ASPIRATION is one thing, but Net Zero is quite another.
The commitment to balance out carbon emissions by 2050 is forcing the UK into austerity.
The worthy ambition has been undermined by Putin’s war, which has seen the cost of heat, power and fuel rise exponentially, yet the eco zealots continue to demand that gas and oil production is cut, relying on wind and solar that simply cannot provide the capacity.
This drive is full of contradictions.
Drax power station (no connection) burns wood pellets, imported from the USA by diesel powered ships, and emits more carbon per unit than the coal it replaces.
Electric vehicles (EV) cost more to buy than combustion models because batteries are expensive and come mostly from China.
They contain precious, rare earth metals, stripped from the poorest areas on earth in polluting mines.
Ironically, the drop in pump prices makes it more expensive to recharge an EV on a long drive than to fill up (RAC), while the AA found only one in 20 buyers now wants an EV, down from one in four a year ago.

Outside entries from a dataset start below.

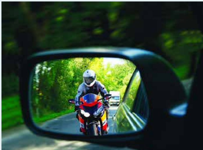
Vozniki vozil naj vozijo previdno, pri čemer naj bodo pozorni še posebej na motoriste

Pomladno sonce in ugodne temperature kar vabijo voznike enoslednih motornih vozil, da po dolgi zimi preizkusijo svoje »jeklene konjičke«. Pri tem policisti svetujemo, da bodite pri vožnji izjemno previdni, hitrost svoje vožnje pa prilagodite razmeram na cesti.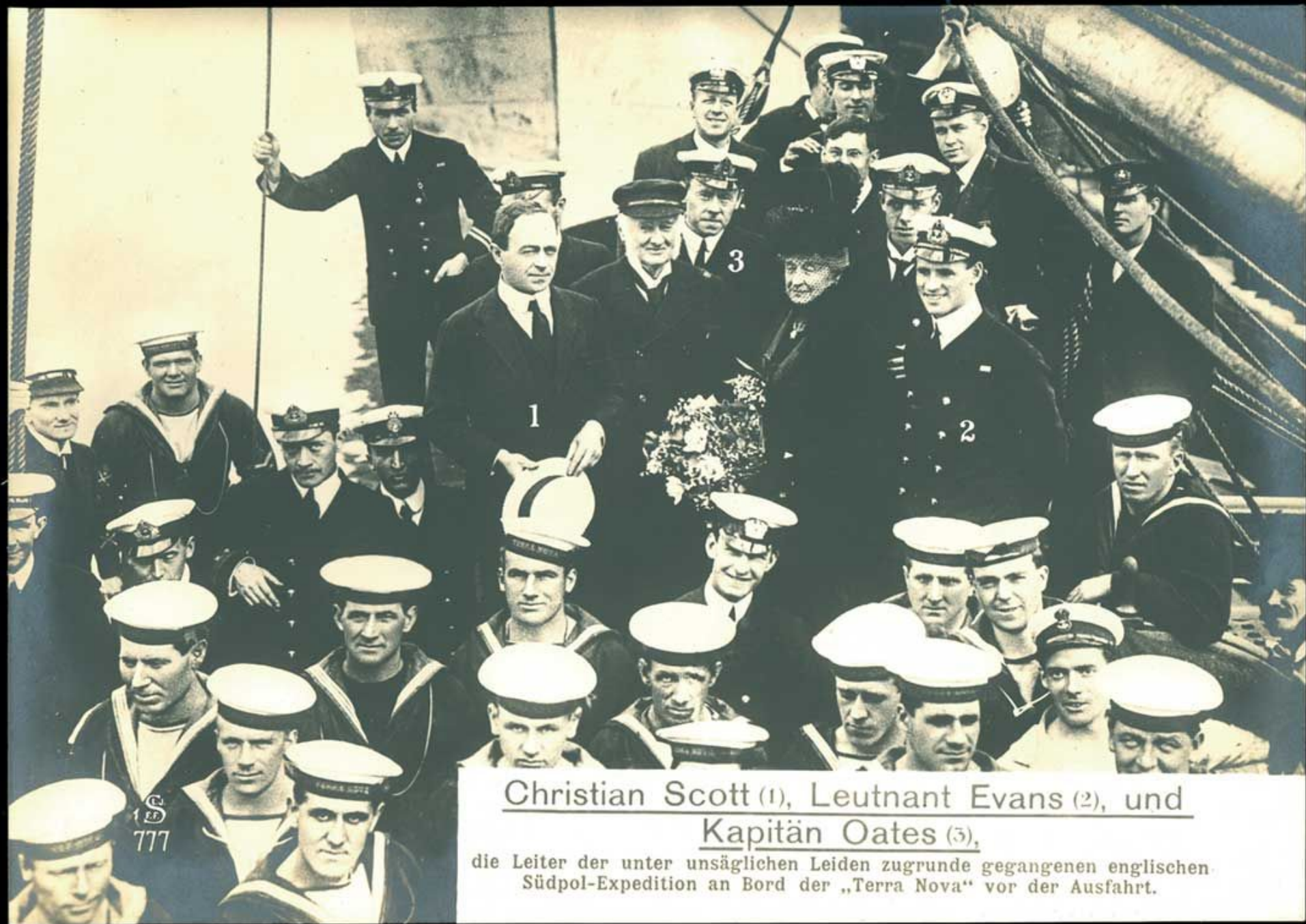
Christian Scott (1), Lieutenant Evans (2), und Kapitän Oates (3),

die Leiter der unter unsäglichen Leiden zugrunde gegangenen englischen Südpol-Expedition an Bord der „Terra Nova“ vor der Ausfahrt.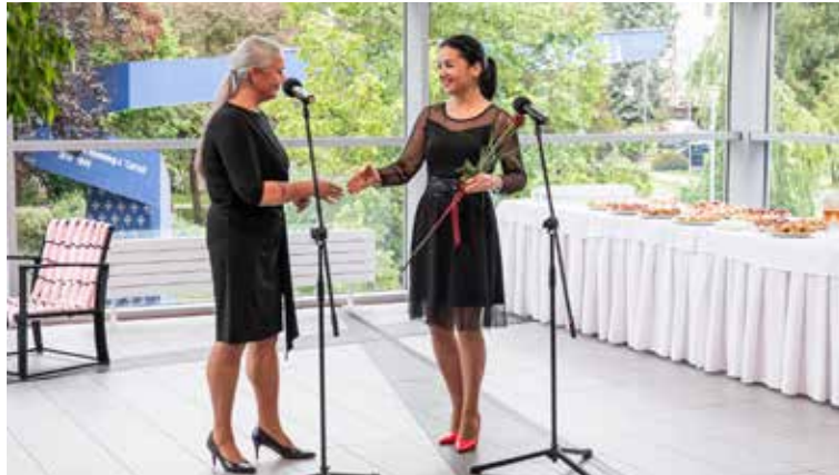
Otvorenie vernisáže „Metamorfózy - od vlákna po produkt“

Tento areál bol už aj „pokrstný“ prvými pretekmi, keďže pár dní po otvorení školského areálu na Goraz-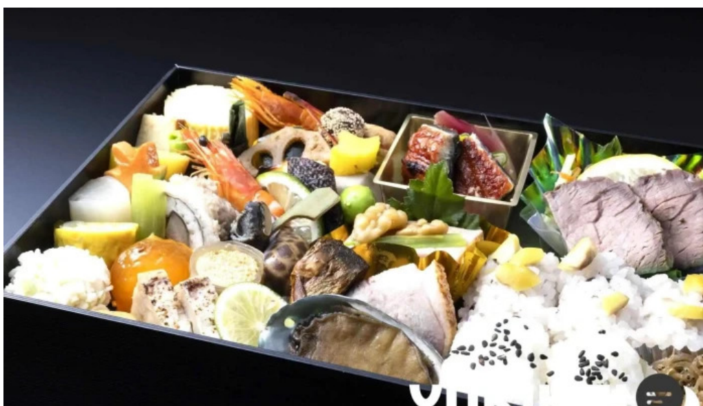
日本料理 割烹 一の谷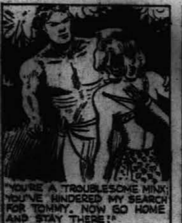
"Ti si naslednja vidra. Ti oviraš moje iskanje Tommyja. Sedaj pojdi domov in tam ostani!"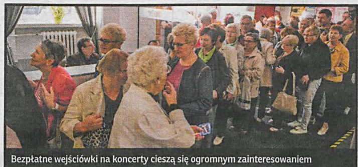
Bezpłatne wejściówki na koncerty cieszą się ogromnym zainteresowaniem

W środę o godz. 18 w hali AWF przy ul. Marusarza 8 czeka nas Wieczór Polo-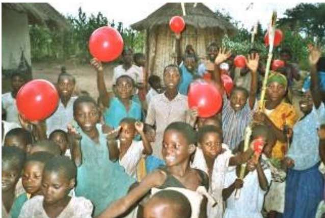
Kinder in Mpango (Region Dedza)

Ursprünglich war da nur die Idee eines Schülers nach einem Austausch mit Malawi bedürftigen Schülern einmalig zu helfen – mittlerweile sind wir als gemeinnützige Nicht-Regierungs-Organisation (NGO) anerkannt. Wir unterstützen Dorfgemeinschaften bei Neubau, Renovierung und Erhaltung von Schulgebäuden. Wir helfen Lehrlingen und Studenten mit Zuschüssen zu ihren Studiengebühren.

Public chargers are an issue, too.
Only 1,832 exist, while 300,000 are promised.
And the first UK battery plant, Britishvolt, was only saved from bankruptcy last week by an Australian startup.
Wind farms are expensive, intermittent and kill wildlife - especially birds of prey.
East Anglia alone faces 110 miles of despoiling new pylons to bring North Sea wind to the national grid.
On the homes front, heat-exchangers reportedly cost more to install and work less well than was hoped for.
Fossil fuel will, one day, be a thing of the past, but right now the UK needs to increase supply, not reduce it.